_Data provided_.
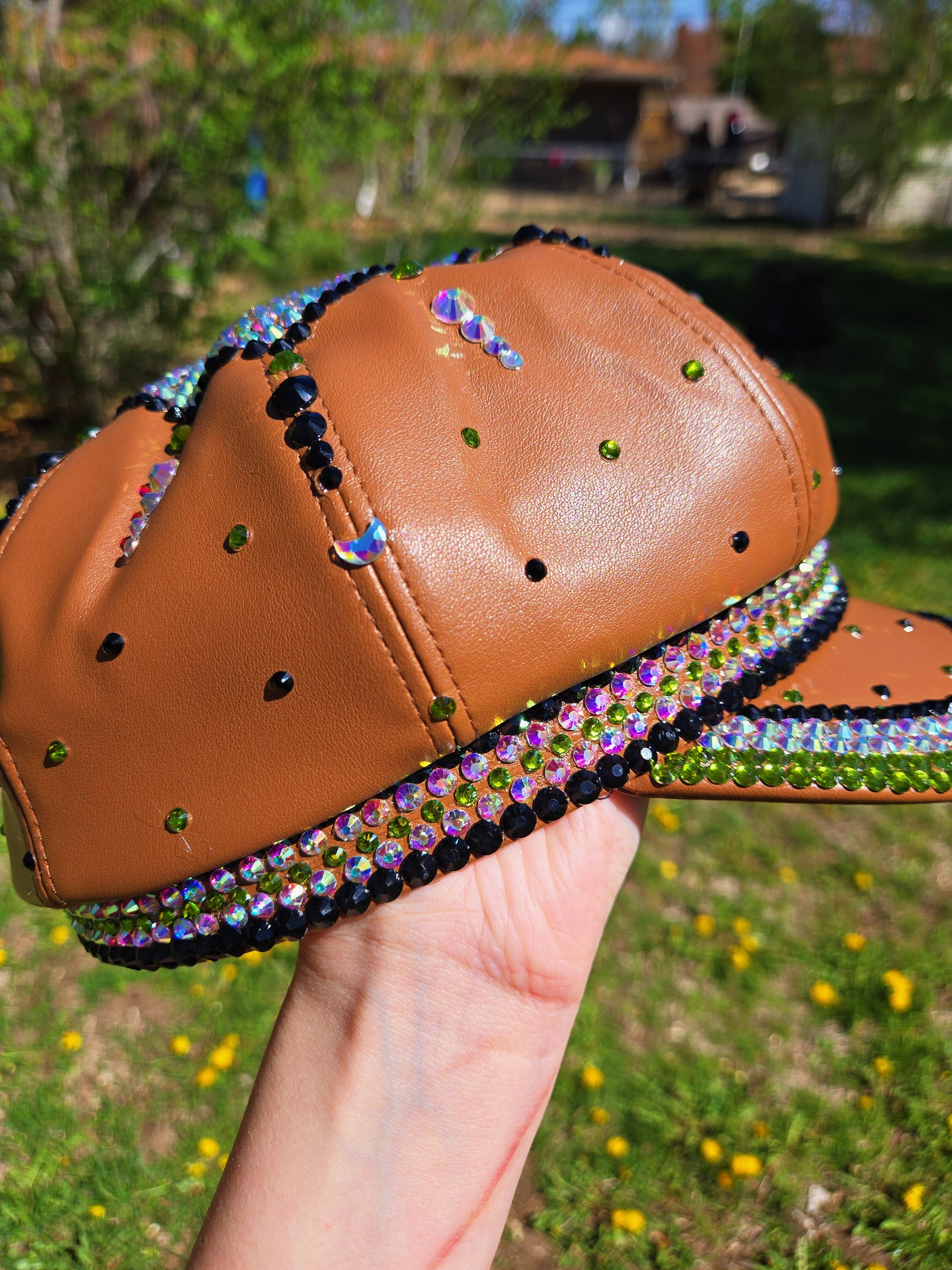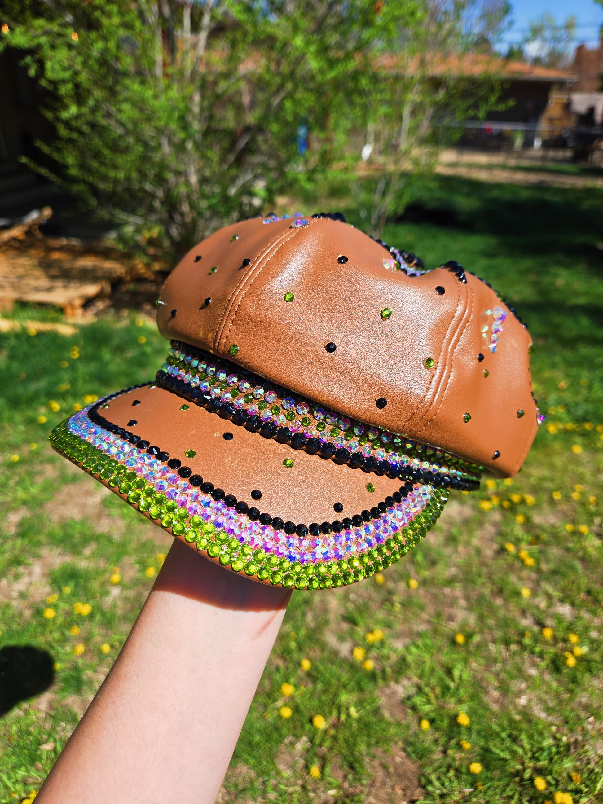You can pick both the base color of the hat as well as the accent color for the crystals for the hat (pictured here is the light brown hat with olive green accent color).
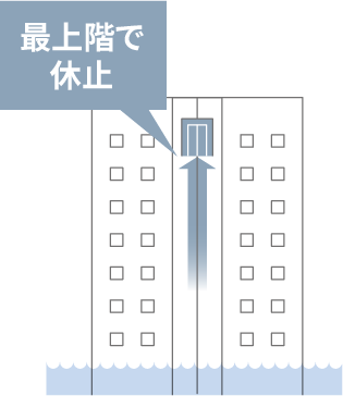 大雨などによる冠水に備え、退避階(最上階)に移動後、運転を休止する設定ができます。
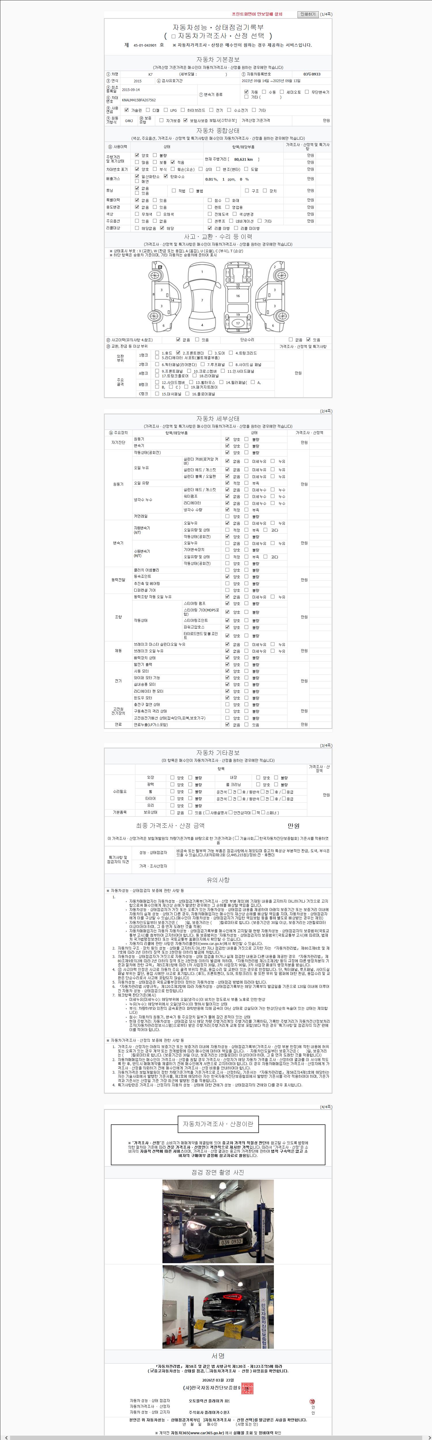 - 2. 차량 등록증이나 성능점검지 등을 상담자에게 요청및 확인하시고 사전에 미리 점검 하시기를 권유드립니다.
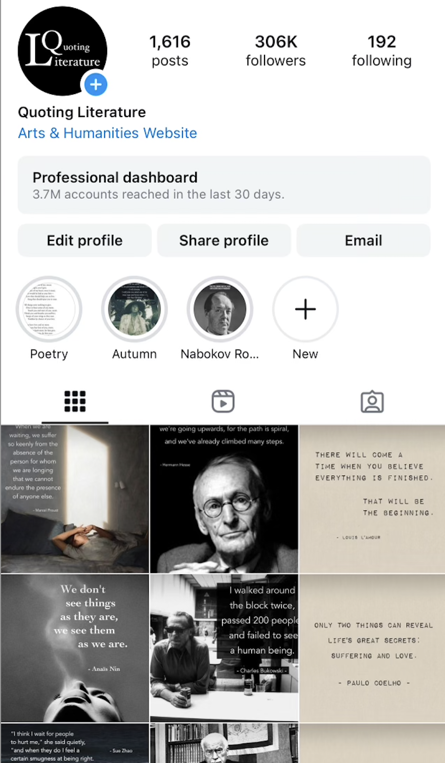 I founded Quoting Literature and meticulously developed it, crafting every book review, designing every visual, creating all posts, and managing every promotion. Through dedication and passion, I grew the account from zero to over 300,000 followers. Today, Quoting Literature reaches almost 4 million accounts monthly and collaborates regularly with writers, artists, and the world's largest publishing houses.

_Exercise prompt_.
Exactly as written, please give again the lines from the beginning of the listing through the line containing "- 2. 차량 등록증이나", inclusive, without any pictures.

_Response_.
You can pick both the base color of the hat as well as the accent color for the crystals for the hat (pictured here is the light brown hat with olive green accent color).
 大雨などによる冠水に備え、退避階(最上階)に移動後、運転を休止する設定ができます。
 - 2. 차량 등록증이나 성능점검지 등을 상담자에게 요청및 확인하시고 사전에 미리 점검 하시기를 권유드립니다.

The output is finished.